近すぎて
「その状態で電車に乗るつもりか?タクシーだって乗車拒否されるぞ」

……確かに大惨事を招きそうで反論できない。だけど、だって、慎司とここに?

「明日の朝の飛行機で帰るつもりだから、部屋を取ってあったんだ。少し休んでいけ」
「でも」

夜空に向かってそびえる建物を見上げた。無数に灯る部屋の明かりがクリスマスツリーみたい。

「心配すんな。失恋でヤケ酒して泥酔してる女を襲ったりするほど飢えてない」
「そんな事っ!?」
「それともお姫様だっこで連れて行こうか?」

一瞬で顔に熱が集まって更に足下が覚束なくなった私を支えながら、慎司はホテルの玄関をくぐってしまった。

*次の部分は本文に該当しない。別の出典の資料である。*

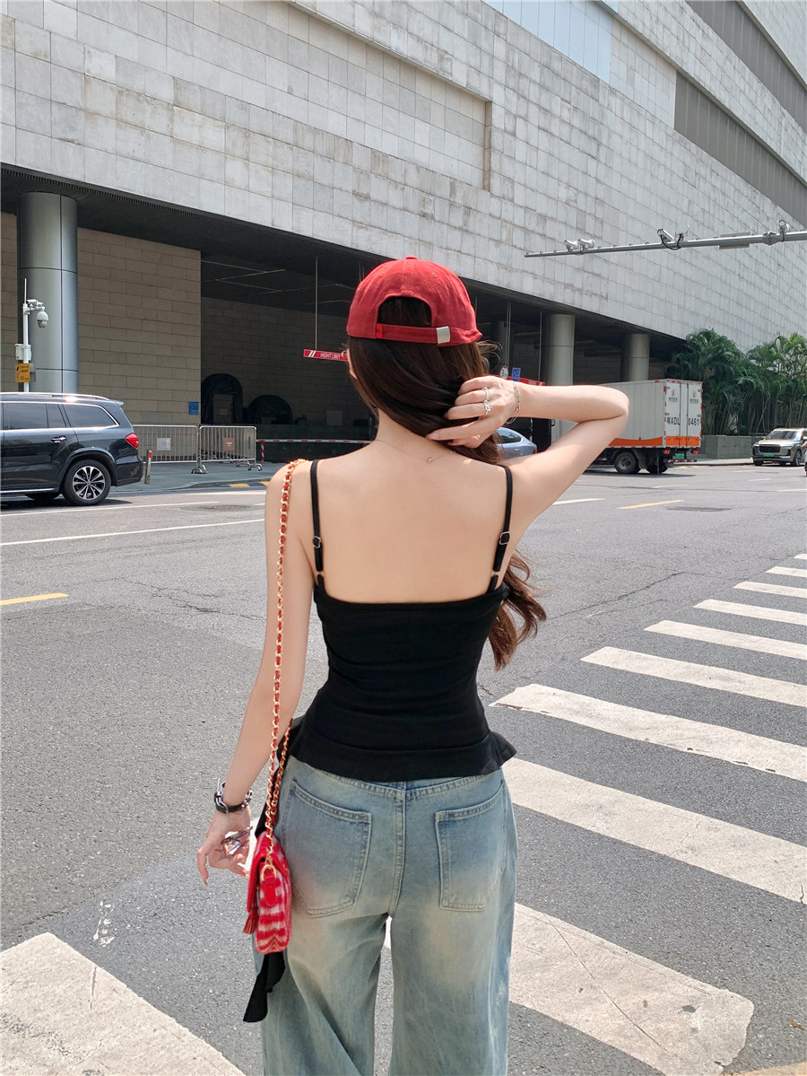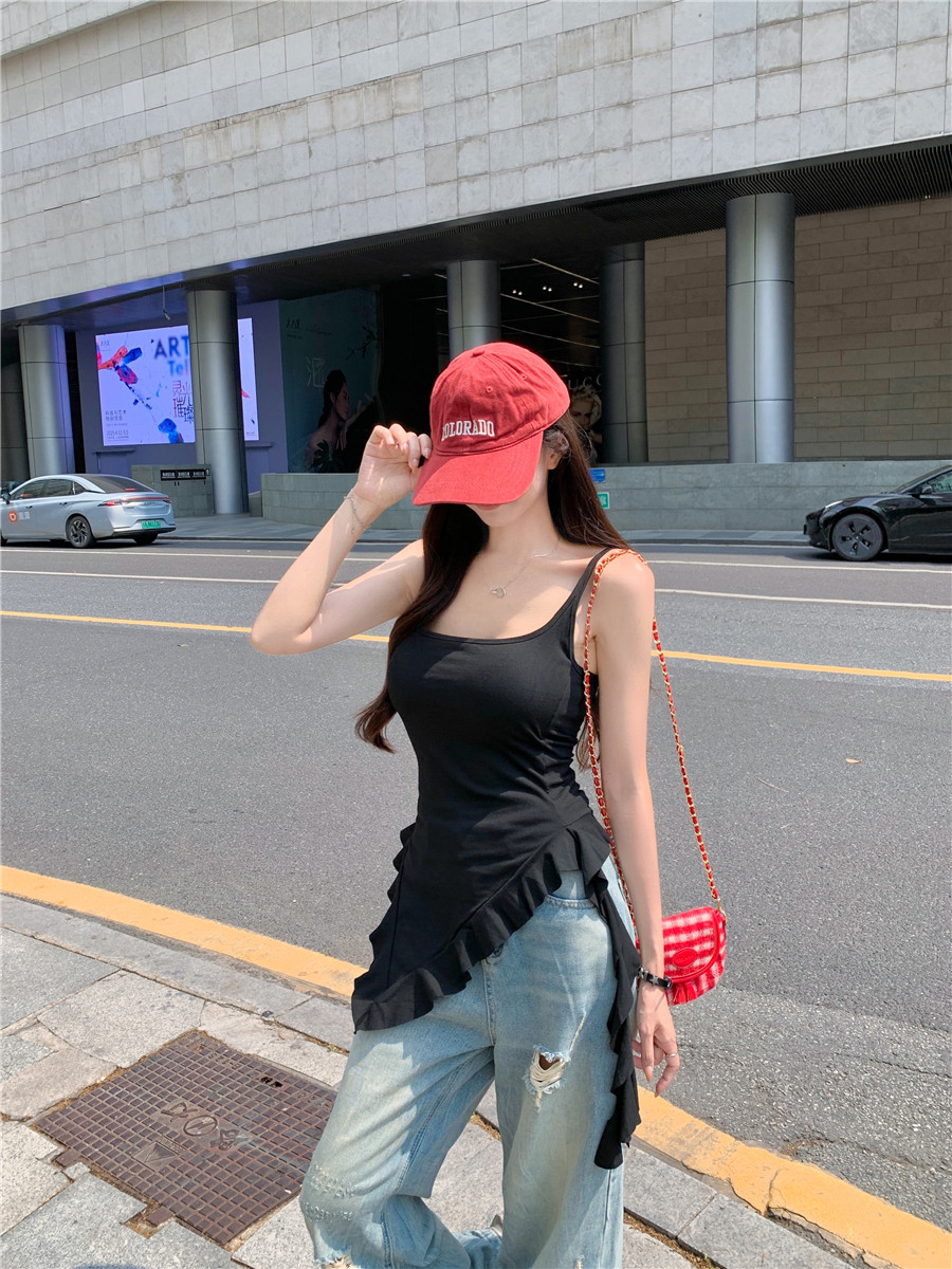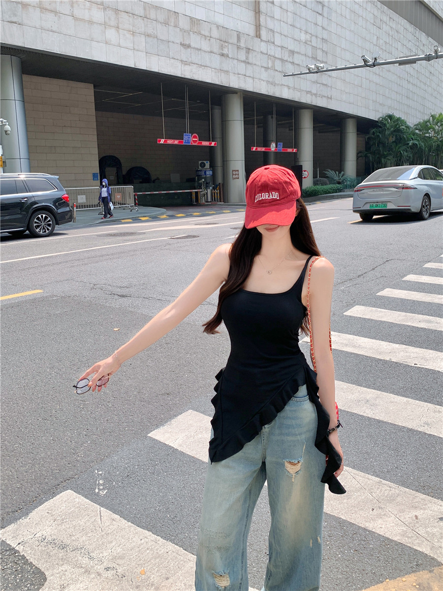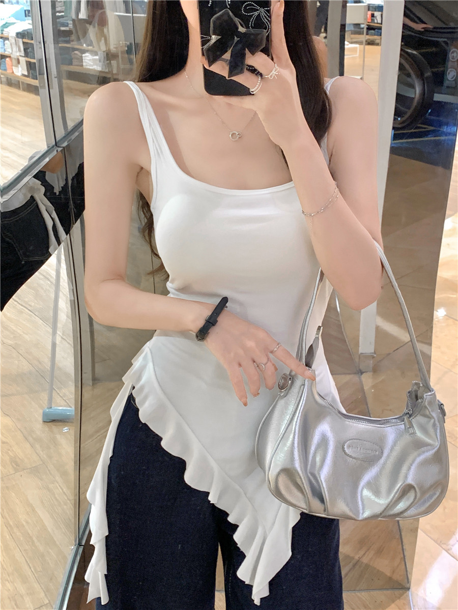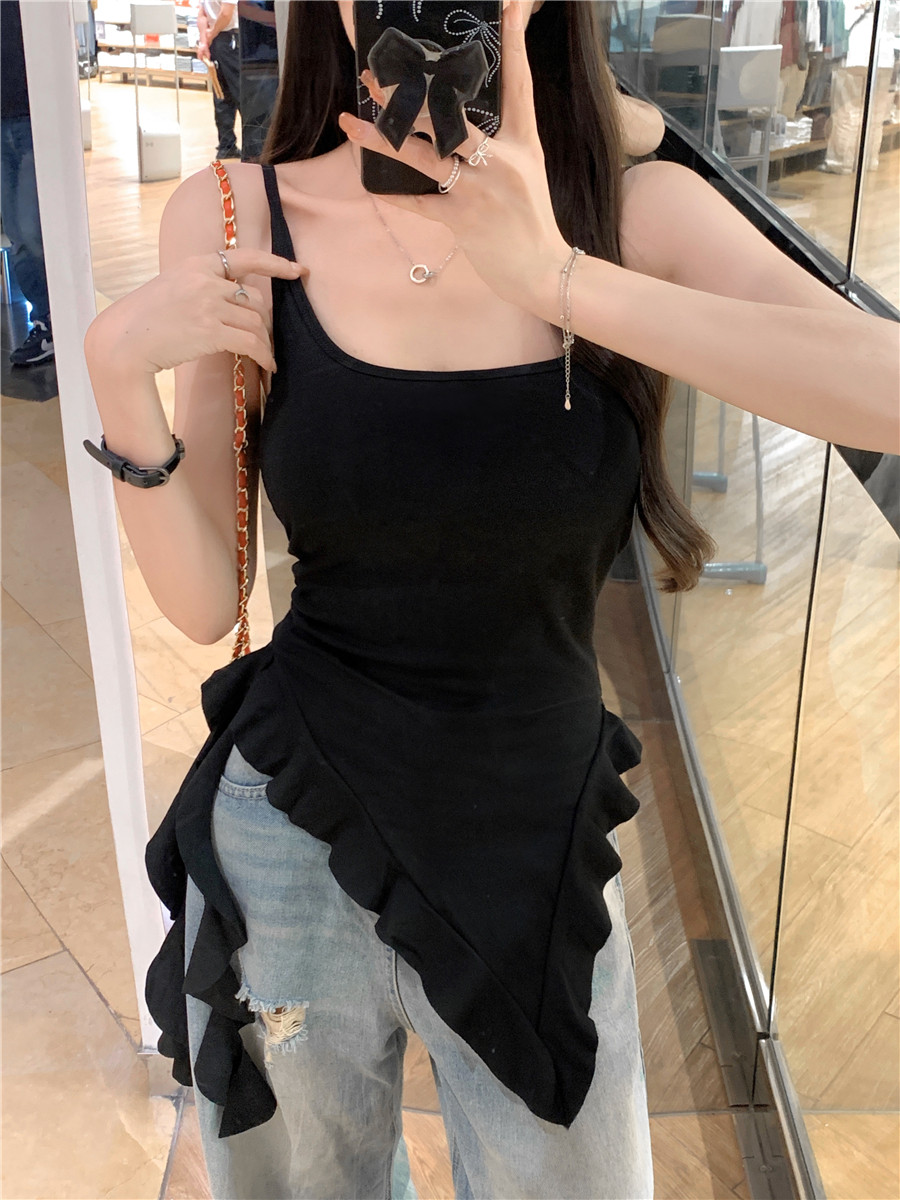 Irregular Design Tassel Ruffle Vest for Women, New Summer Style with Chest Pads, Waist-Cinching, Slimming, Outerwear Camisole

九州にある実家の輸入家具店を継ぐためにUターン就職し、全国どころか世界中を飛び回っているという慎司は、慣れた様子でチェックインを済ませる。先に預けていた荷物を持つベルボーイと共に、ロビーのソファで項垂れていた私の元へと戻ってきた。
差し伸ばされた慎司の手を僅かに残ったプライドで断り、足に力を込めて立ち上がる。それでもやっぱりふらつく私の腰に、彼はごく自然な仕草で腕を回した。

乗り込んだエレベーターはぐんぐん昇っていく。部屋はずいぶん上の階みたいだけれど、酔いと慎司から仄かに漂うムスクの香りで確認する余裕ができないまま到着してしまう。
足音を完璧に消す毛足の長い絨毯を進んだ先にある部屋に案内され、息を呑んだ。

大人二人が余裕で眠れるサイズのベッドにもだけど、その向こうに広がる窓一面の夜景!まだ夜も早い時間だからか、眼下の首都高を走る車や東京湾に浮かぶ船の数も多い。それらが蠢く光の軌跡と林立するビルの明かりに目を奪われた。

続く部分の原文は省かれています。